Monologues for kids.  This is a monologue for a young boy and the character's name is Jack.   Genre is drama.  Falls into the contemporary monologues from movies and film category.

This is from the movie "Room" based on the novel of the same name by Emma Donoghue.  You can find it at 1:47 (one hour forty seven minutes) into the movie.   When I saw it, I was floored.   So poetic, beautiful and simply written which made it all the more powerful.  Imagine being a child who grew up in a room the size of a garden shed, who never saw the outside world.  Based on events in the news where women and their children were held captive for years but a fictionalized account.  The screenplay was nominated for an Academy Award for best writing, adapted screenplay and for a Golden Globe best screenplay - motion picture category.  It's star Brie Larson won best actress at the Oscars and Golden Globes. The movie is straight up moving; if you don't get teary eyed watching it you're clearly an android sent fro the future to destroy us, hehe.  The monologue I'm recommending from this film is an amazing snippet that could be a very moving performance for a young actor auditioning for a drama.  Vulnerable, sweet, innocent, yet wise.  The child actor should be able to play approximately five years old, though I think you could have an older child perform it and it would still be very moving and effective up to about 10 years old.  You watch it and see, the film is available streaming on the various video services or you can get it here.

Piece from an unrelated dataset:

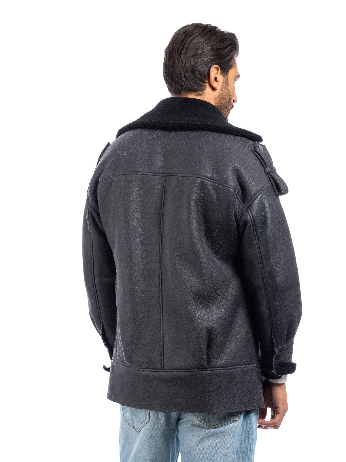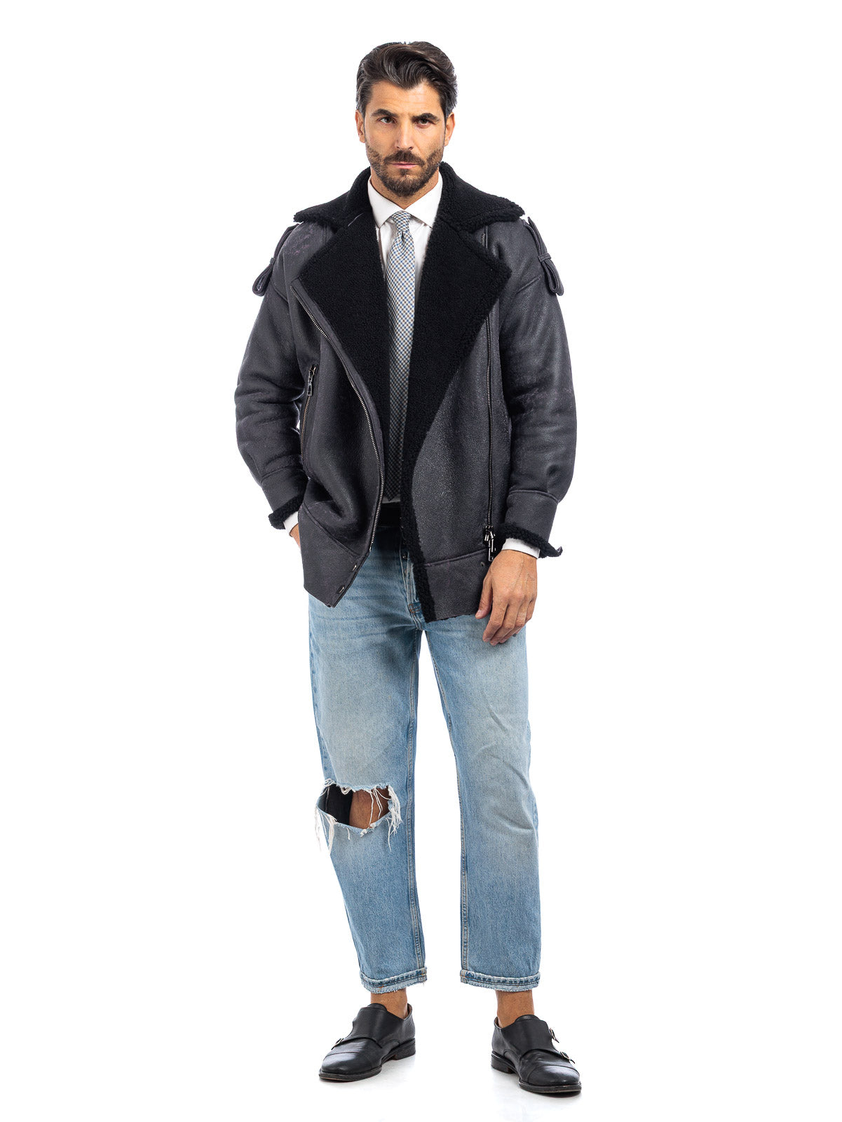 Chiodo nero interamente in montone merinos con zip - linea OVER

Start the monologue at 1:47 in the movie (right toward the end of the film) with the line "When I was 4, I didn't even know about the world ... and now me and ma are going to live in it forever and ever until we're dead."  and you can end it just under one minute long with the line "Because it's still just you and me."  Alternately, you can extend it a little longer and end with "Bye Bye Skylight ... Ma, say bye bye to room" at 1:52.